**ASSIGNMENT**
Every line from the one holding "Мужские кожаные ботинки, теплые" through the one holding "Odolný - opakovaně" in the data below must be returned exactly, both ends included, with pictures left out and nothing else added.

──────────

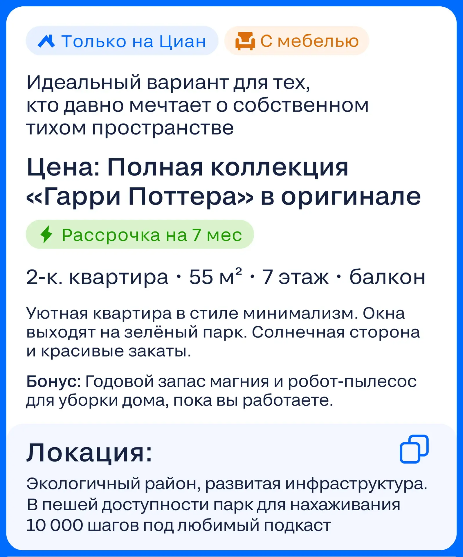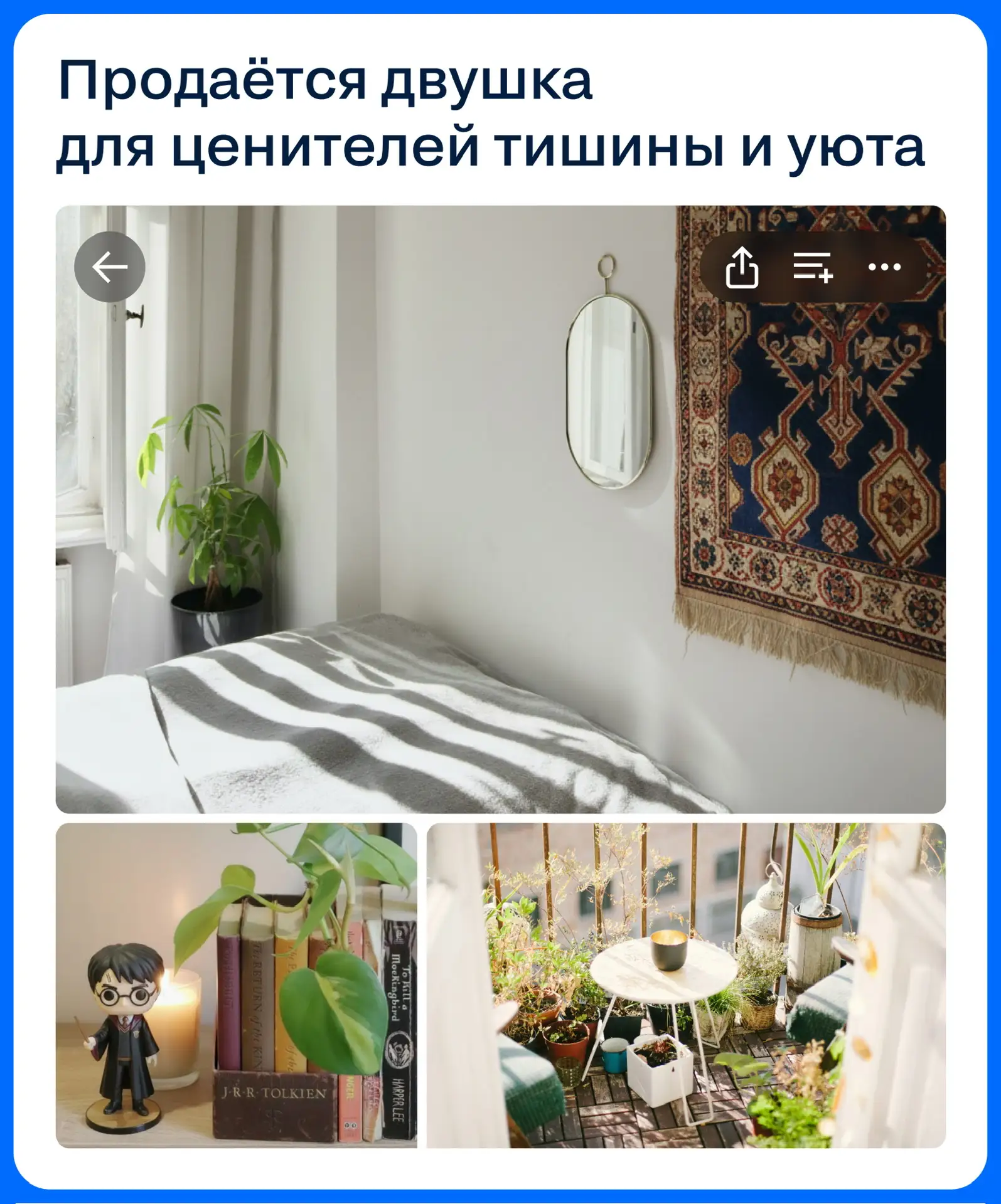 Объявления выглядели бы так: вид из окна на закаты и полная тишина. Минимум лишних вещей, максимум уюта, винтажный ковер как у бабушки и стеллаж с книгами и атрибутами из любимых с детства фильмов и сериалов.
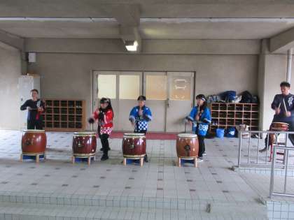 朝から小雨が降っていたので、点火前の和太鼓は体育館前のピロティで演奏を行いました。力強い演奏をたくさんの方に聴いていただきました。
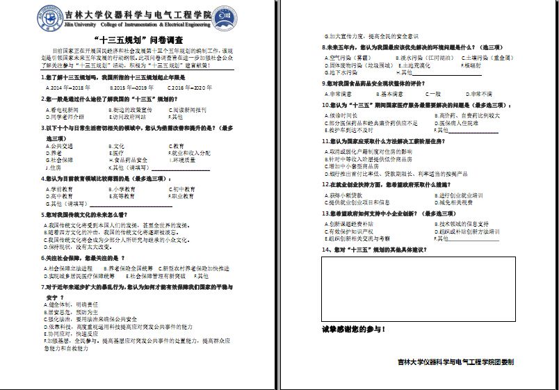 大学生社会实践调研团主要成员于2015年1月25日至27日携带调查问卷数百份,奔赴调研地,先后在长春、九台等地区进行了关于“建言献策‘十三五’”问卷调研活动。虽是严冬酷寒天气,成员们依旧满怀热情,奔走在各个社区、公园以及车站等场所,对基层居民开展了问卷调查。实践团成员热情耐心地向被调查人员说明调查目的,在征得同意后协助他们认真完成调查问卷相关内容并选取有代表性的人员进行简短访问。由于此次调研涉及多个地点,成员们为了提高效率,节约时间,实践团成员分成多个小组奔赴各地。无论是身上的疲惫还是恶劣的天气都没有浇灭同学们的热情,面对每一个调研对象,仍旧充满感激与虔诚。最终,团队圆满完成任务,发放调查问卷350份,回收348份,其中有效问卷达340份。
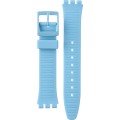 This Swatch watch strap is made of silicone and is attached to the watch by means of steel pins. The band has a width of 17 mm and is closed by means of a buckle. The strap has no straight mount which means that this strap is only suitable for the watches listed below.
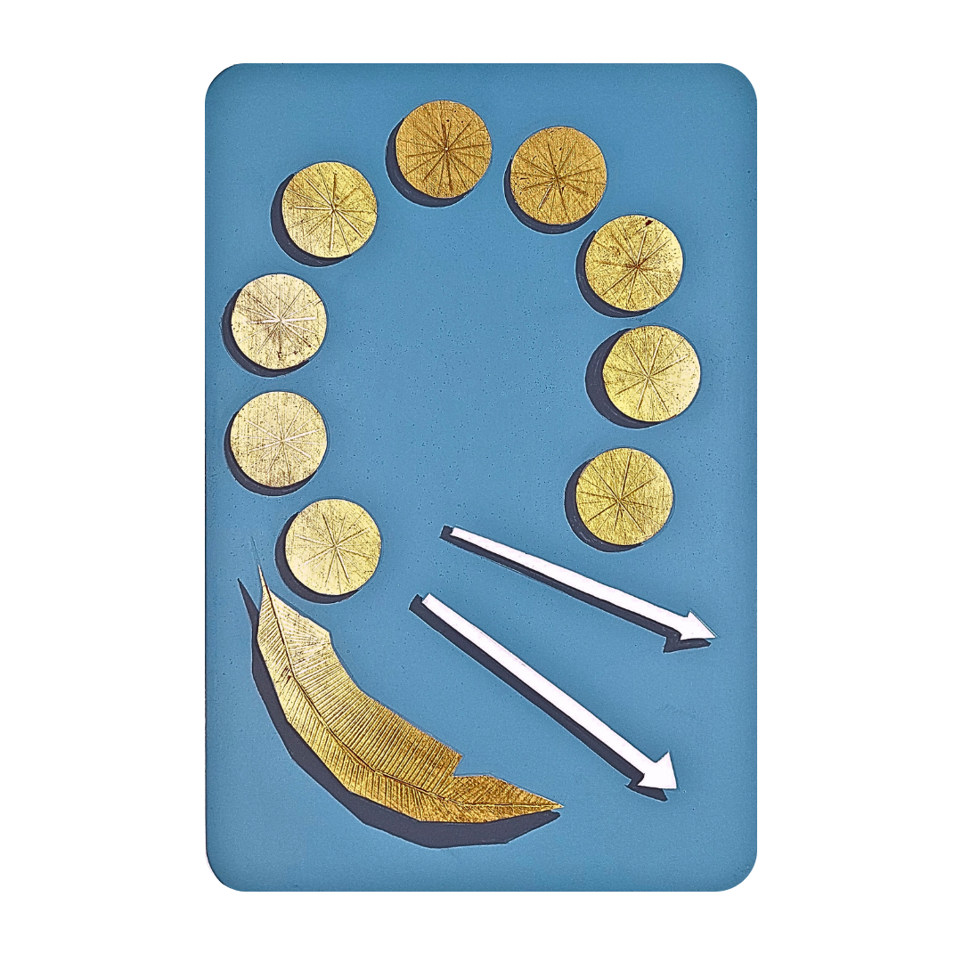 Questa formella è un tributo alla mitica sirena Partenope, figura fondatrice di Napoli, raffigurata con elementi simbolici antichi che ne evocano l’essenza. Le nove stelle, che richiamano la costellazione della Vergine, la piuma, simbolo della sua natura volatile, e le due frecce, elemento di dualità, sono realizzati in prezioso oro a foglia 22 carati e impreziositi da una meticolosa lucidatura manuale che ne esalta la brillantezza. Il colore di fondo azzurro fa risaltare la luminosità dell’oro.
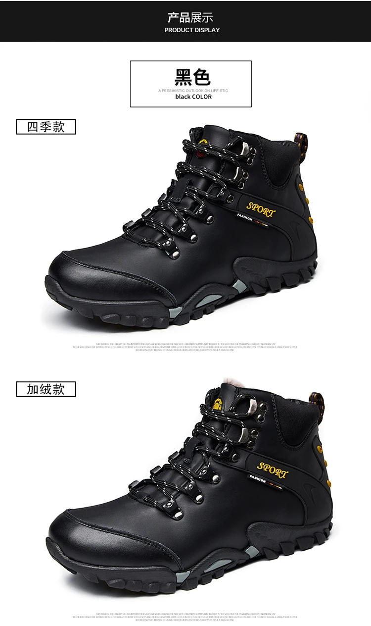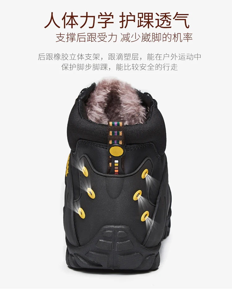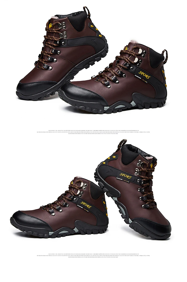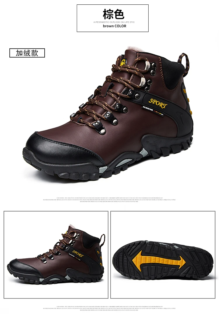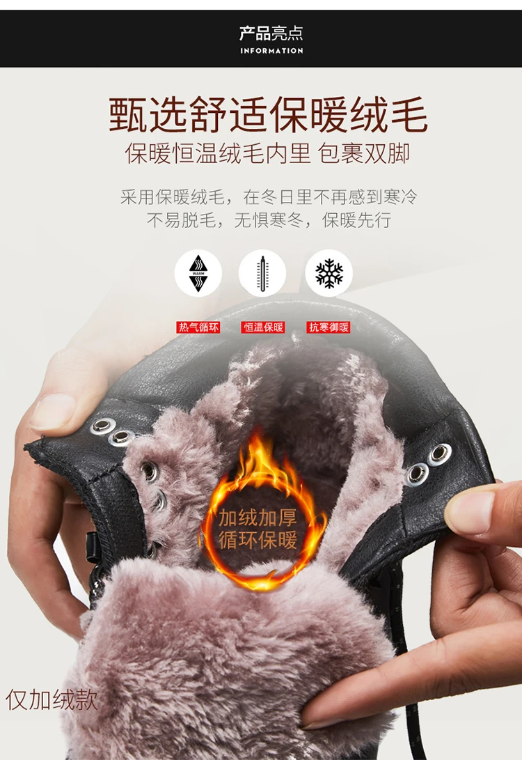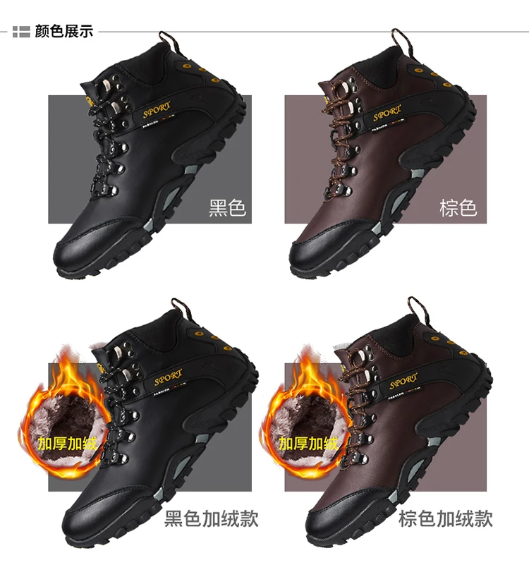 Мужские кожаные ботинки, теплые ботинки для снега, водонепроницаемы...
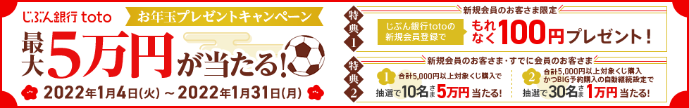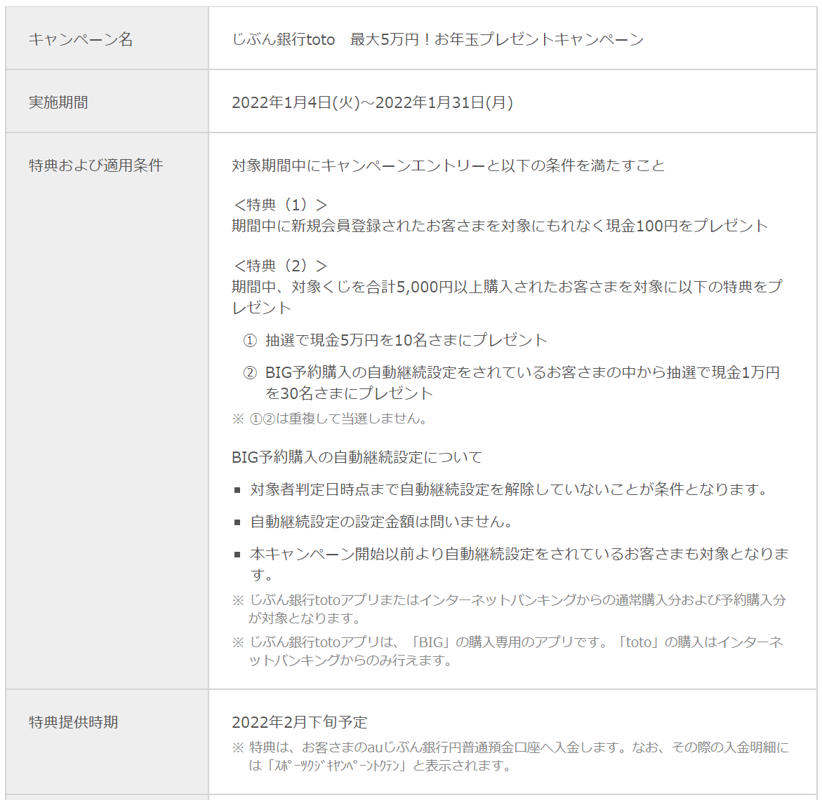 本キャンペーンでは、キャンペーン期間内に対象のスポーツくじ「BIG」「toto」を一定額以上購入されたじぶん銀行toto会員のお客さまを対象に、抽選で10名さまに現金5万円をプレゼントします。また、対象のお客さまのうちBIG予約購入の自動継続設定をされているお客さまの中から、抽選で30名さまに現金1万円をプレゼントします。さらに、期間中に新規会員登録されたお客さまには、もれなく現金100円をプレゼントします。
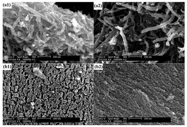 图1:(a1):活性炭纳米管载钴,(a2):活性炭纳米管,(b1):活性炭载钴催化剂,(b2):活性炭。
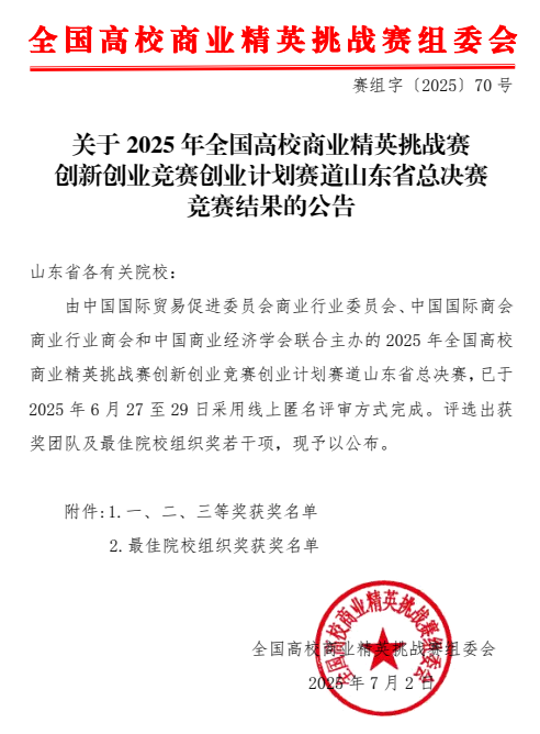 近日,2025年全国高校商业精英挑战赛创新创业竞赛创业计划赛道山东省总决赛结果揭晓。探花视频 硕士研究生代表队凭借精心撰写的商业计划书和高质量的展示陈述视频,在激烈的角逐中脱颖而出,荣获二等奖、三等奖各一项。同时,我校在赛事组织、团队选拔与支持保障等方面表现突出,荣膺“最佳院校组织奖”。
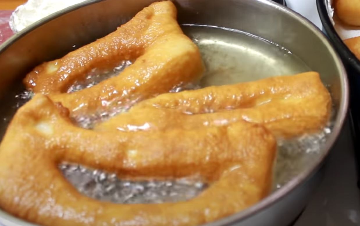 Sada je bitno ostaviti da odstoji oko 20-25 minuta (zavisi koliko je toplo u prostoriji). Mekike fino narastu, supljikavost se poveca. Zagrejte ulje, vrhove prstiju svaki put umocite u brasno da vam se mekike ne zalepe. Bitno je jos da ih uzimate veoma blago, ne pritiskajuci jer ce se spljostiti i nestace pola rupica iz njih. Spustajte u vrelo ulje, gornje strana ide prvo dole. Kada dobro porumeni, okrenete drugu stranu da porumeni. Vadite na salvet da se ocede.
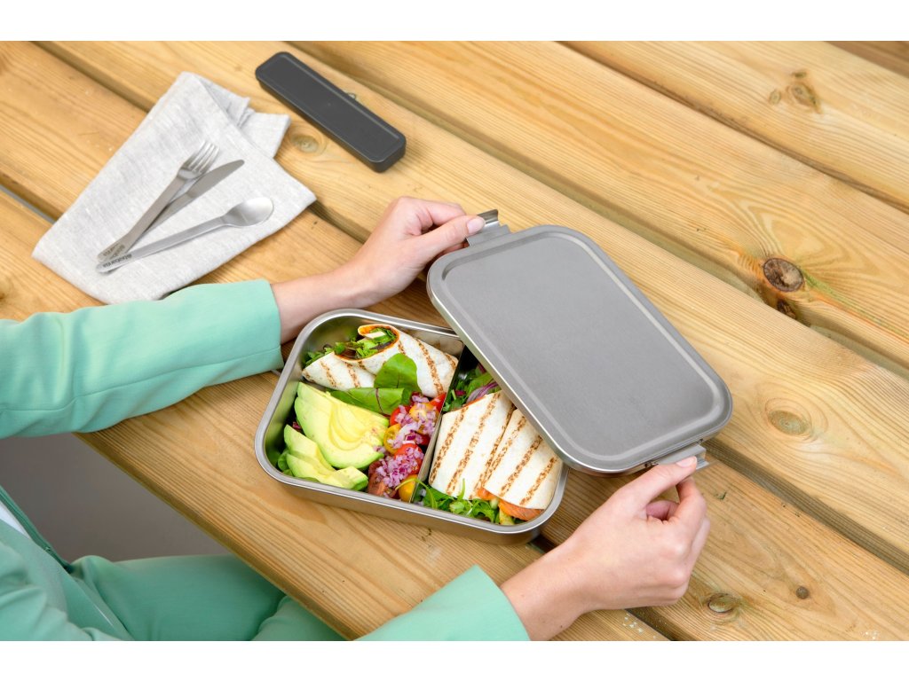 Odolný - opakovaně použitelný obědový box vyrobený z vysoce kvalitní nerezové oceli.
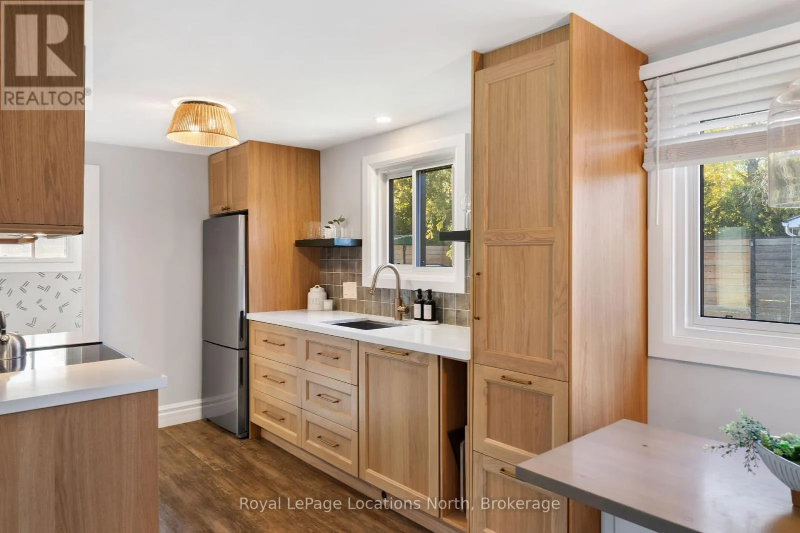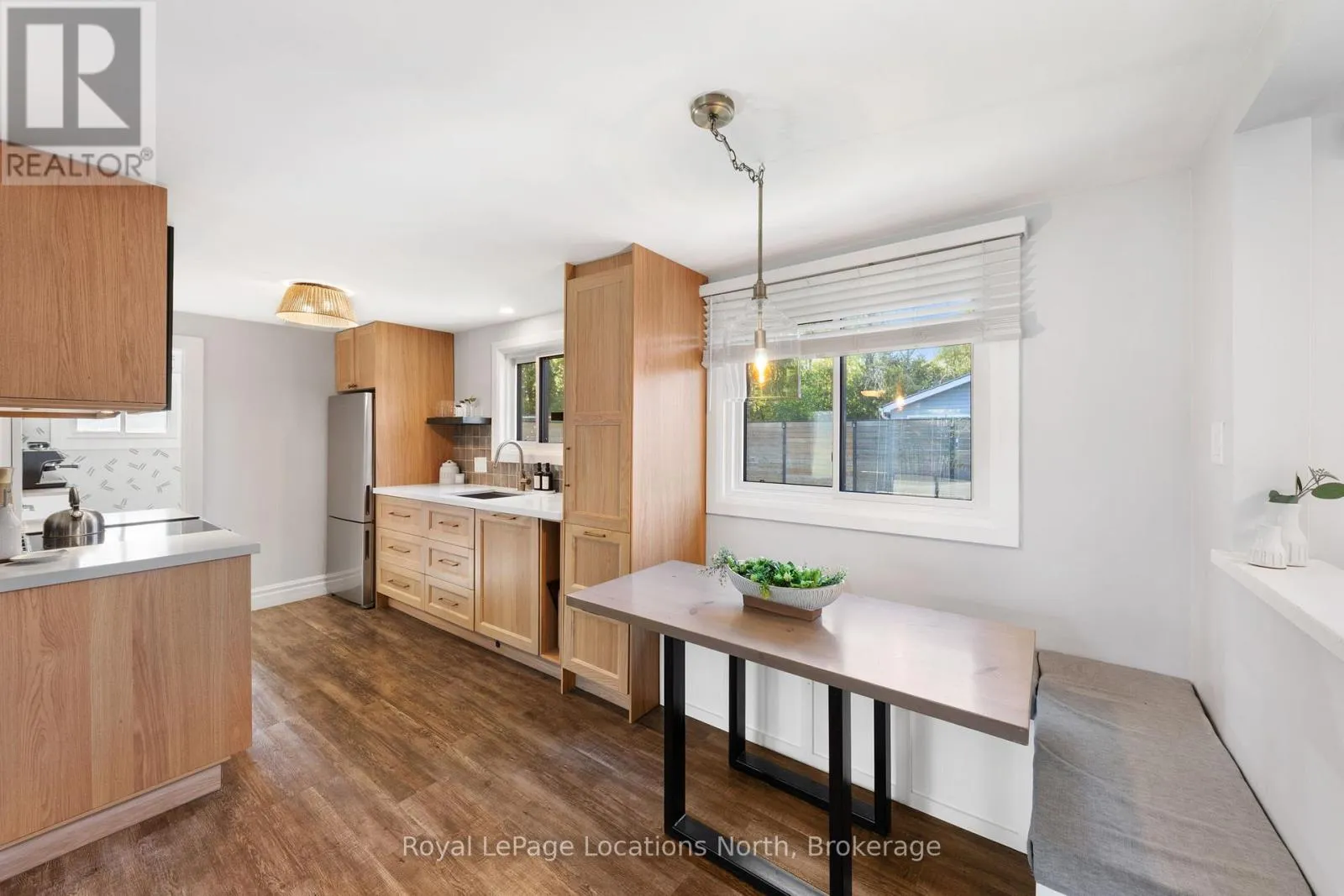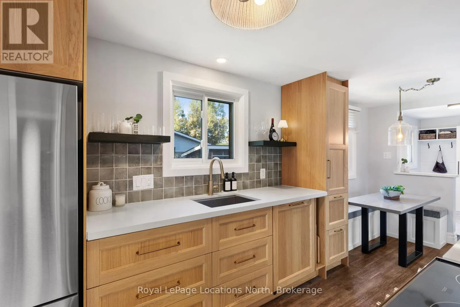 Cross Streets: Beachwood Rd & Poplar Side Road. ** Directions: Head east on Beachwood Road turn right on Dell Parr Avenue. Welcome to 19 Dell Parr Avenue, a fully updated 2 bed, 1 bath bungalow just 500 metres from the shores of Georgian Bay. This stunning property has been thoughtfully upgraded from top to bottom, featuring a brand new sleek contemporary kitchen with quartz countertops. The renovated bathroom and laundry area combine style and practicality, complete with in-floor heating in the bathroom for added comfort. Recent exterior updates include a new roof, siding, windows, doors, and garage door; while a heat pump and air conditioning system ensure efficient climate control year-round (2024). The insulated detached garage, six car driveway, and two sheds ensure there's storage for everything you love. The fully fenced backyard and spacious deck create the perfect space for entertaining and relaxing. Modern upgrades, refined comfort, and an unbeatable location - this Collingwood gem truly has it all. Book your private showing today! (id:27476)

──────────

**REPLY**
 Мужские кожаные ботинки, теплые ботинки для снега, водонепроницаемы...
 本キャンペーンでは、キャンペーン期間内に対象のスポーツくじ「BIG」「toto」を一定額以上購入されたじぶん銀行toto会員のお客さまを対象に、抽選で10名さまに現金5万円をプレゼントします。また、対象のお客さまのうちBIG予約購入の自動継続設定をされているお客さまの中から、抽選で30名さまに現金1万円をプレゼントします。さらに、期間中に新規会員登録されたお客さまには、もれなく現金100円をプレゼントします。
 图1:(a1):活性炭纳米管载钴,(a2):活性炭纳米管,(b1):活性炭载钴催化剂,(b2):活性炭。
 近日,2025年全国高校商业精英挑战赛创新创业竞赛创业计划赛道山东省总决赛结果揭晓。探花视频 硕士研究生代表队凭借精心撰写的商业计划书和高质量的展示陈述视频,在激烈的角逐中脱颖而出,荣获二等奖、三等奖各一项。同时,我校在赛事组织、团队选拔与支持保障等方面表现突出,荣膺“最佳院校组织奖”。
 Sada je bitno ostaviti da odstoji oko 20-25 minuta (zavisi koliko je toplo u prostoriji). Mekike fino narastu, supljikavost se poveca. Zagrejte ulje, vrhove prstiju svaki put umocite u brasno da vam se mekike ne zalepe. Bitno je jos da ih uzimate veoma blago, ne pritiskajuci jer ce se spljostiti i nestace pola rupica iz njih. Spustajte u vrelo ulje, gornje strana ide prvo dole. Kada dobro porumeni, okrenete drugu stranu da porumeni. Vadite na salvet da se ocede.
 Odolný - opakovaně použitelný obědový box vyrobený z vysoce kvalitní nerezové oceli.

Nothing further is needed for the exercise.